The story of last week’s Gospel, the Good Samaritan,  immediately comes before these final verses of this chapter in Luke’s Gospel. The reader or listener to the Gospel would understand that the very practical thing the “Good Samaritan” did, is what everybody would have to do if they sat at the feet of Jesus and listened to the whole Gospel. Martha is righteous by her expressing her religious traditions. Luke is presenting Mary as how each of us continues the life of Jesus, by listening and then getting up and doing all that the Gospel of Luke has offered.

This is not a family dispute, a sibling rivalry, but a call to a radical way of living. We so easily listen to what we want to hear. What Jesus is saying in all the Gospels is not exactly all we want to hear. Jesus’ conversation with us, if we listen, will change, convert us and we would rather “get out in that kitchen and rattle those pots and pans.” We would rather justify ourselves by listening to our ways and doing our thing in the hope that God would be pleased, schmoozed, and appeased.

It is quite enjoyable to underline all the verses in the Gospels which we find distasteful and or inconvenient.

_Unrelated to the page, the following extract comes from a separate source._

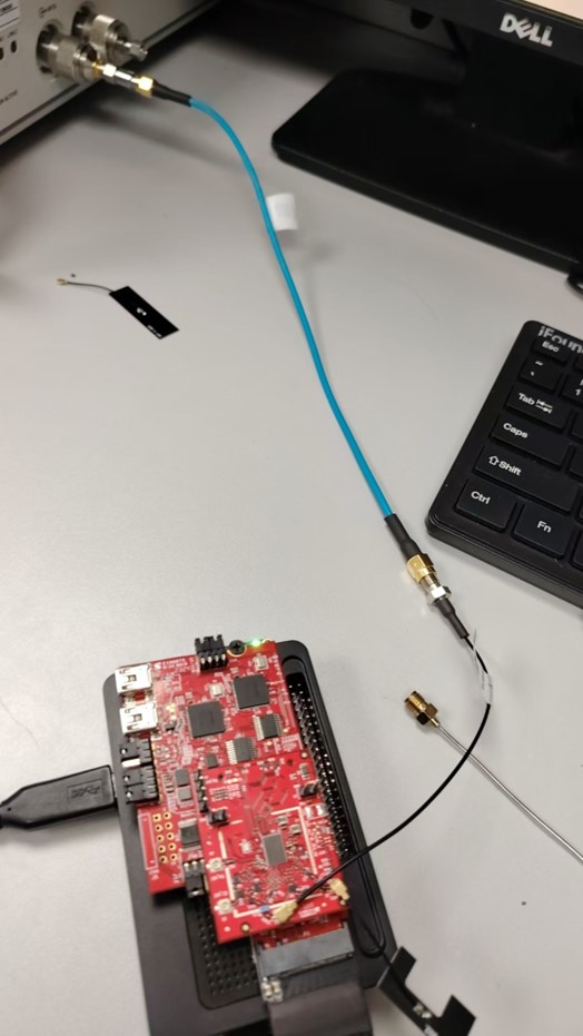 - 將板子的USB接口連接到電腦的USB埠,板子的RF輸出端通過高質量的RF線連接到測試儀器的RF輸入/輸出口,並計算好線損,如下圖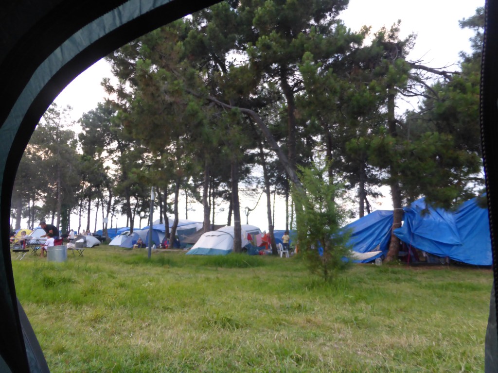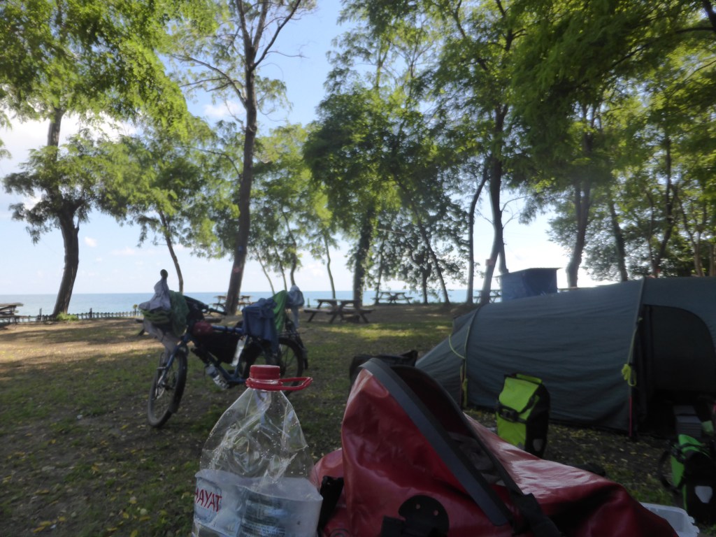 Dann ging es wieder auf die zum Glück sehr flache Hauptstraße. In einer Stadt wollten wir Pause machen, da wurden wir von der Straße von drei Männern zu Tee, Köftebrot und Ayran eingeladen. Einer der Männer ist vor kurzem mit dem Motorrad bis nach Deutschland und wieder zurück über den Balkan gefahren und hat uns Fotos gezeigt. Wir waren uns einig, dass man beim Reisen seinen Horizont erweitert. So hatten wir also schon Pause gemacht, waren gestärkt und konnten weiter radeln bis zum erwähnten Campingplatz hinter der Stadt Terme. Wieder mal konnten wir die türkische Campingkultur erfahren. Wir sahen viele Camping-Çaykocher natürlich, viele Camper, noch mehr Autos, Hängematten, Planen unter und auch über den Zelten. Wir haben sogar Schränke und eine mobile Waschmaschine gesehen! Und dazwischen wir mit unserem kleinen Zelt und den zwei Fahrrädern daneben und vollkommen glücklich, weil wir auch alles dabei haben!

I find the Gospel gets quite a bit shorter when I do this selective cutting. Those are the verses we don’t want to hear, because they call us to change images of ourselves, of others, of life. The really good news is that Jesus just keeps sitting in those pages speaking and waiting for us to tune in.  

“Behold, I stand at the door and knock, says the Lord. If anyone hears my voice and opens the door to me, I will enter his house and dine with him and he with me.”